An initial scope for existing literature reviews in prostate cancer research yielded two reviews [25, 26]. The more recent review [26] was conducted five years ago and restricted its search period to a 14 year time span, used a small number of literature databases and only searched for original, peer-reviewed studies to explore broadly the personal (not just beliefs specifically) and external factors pertaining to the decision-making process of patients. It concluded that there is a general lack of understanding about the role of patients’ beliefs in treatment selection and that this was an area worthy of enquiry. Our aim was, therefore, to provide an updated review on factors influencing treatment selection for LPCa, as well as specifically examine the literature pertaining to patients’ personal beliefs about LPCa and/or its treatments.

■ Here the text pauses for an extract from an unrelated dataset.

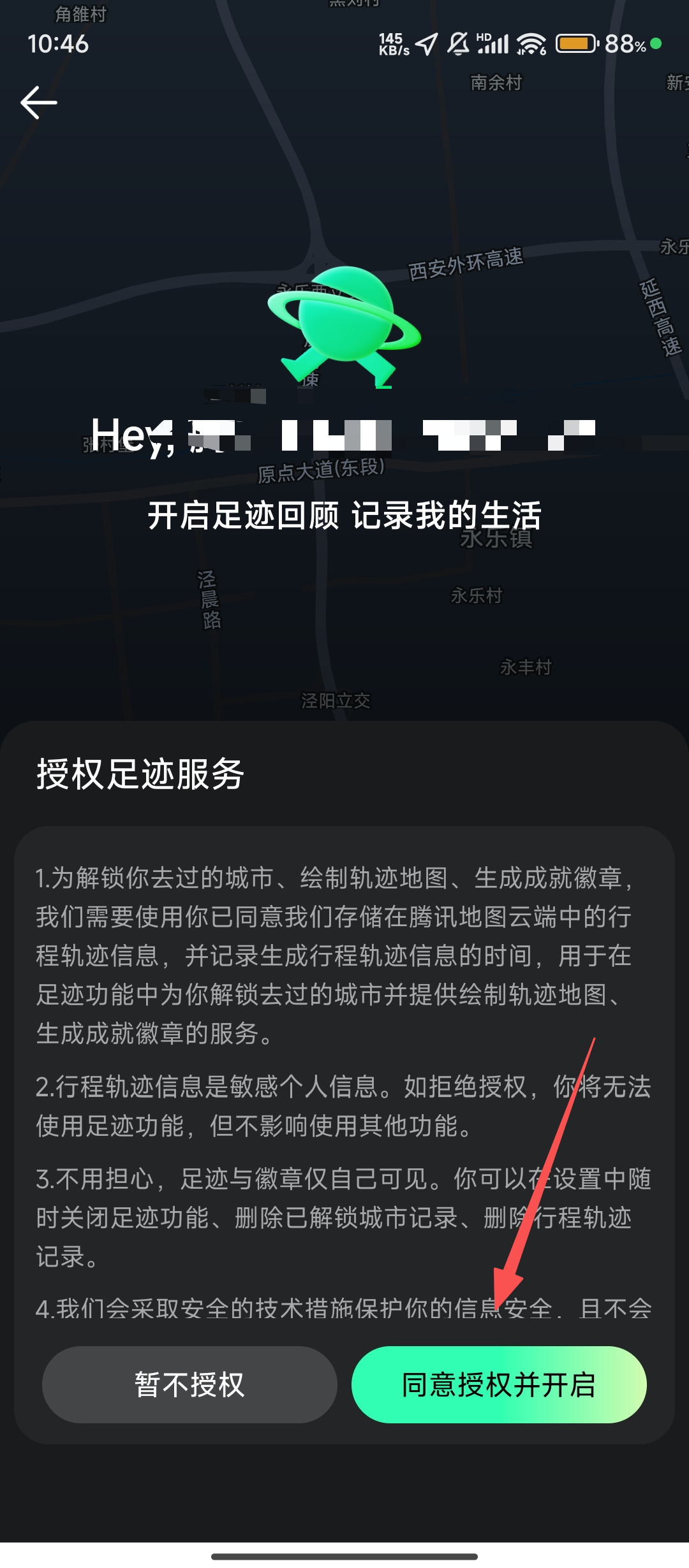 2、想要使用足迹功能,在授权足迹服务界面点击【同意授权并开启】,就能解锁城市、绘制轨迹地图等服务哦。

A systematic search of the literature was conducted in electronic databases to retrieve relevant published papers from 1980 – 2010, which included: MEDLINE (1950-present); CINAHL; ScienceDirect and CancerLIT (PubMed). Searches were conducted by exploding and combining the medical subject term ‘prostate cancer’ and free-text words, such as ‘beliefs, cognitions, choices, treatment options’. A language restriction was not set whilst searching for the papers.

Non-scholarly literature was searched using the following charity databases: The Prostate Cancer Charity (Jan-April 2010) and Cancer Research UK. The following Government websites were also searched: World Health Organisation (WHO) and the National Institute of Health and Clinical Excellence (NICE). The Networked Digital Library of Theses and Dissertations was searched for theses discussing relevant work and studies.

The reference lists of literature reviews were hand-searched and key authors identified from the search procedure were contacted for any other relevant studies.

The studies retrieved from the literature searches were screened against the inclusion criteria, which included: (i) samples of men diagnosed with, and being treated for, LPCa, and (ii) studies examining patients’ beliefs about their LPCa and treatment options. All study designs except reviews, opinion papers and single case studies, were considered for inclusion into the present review.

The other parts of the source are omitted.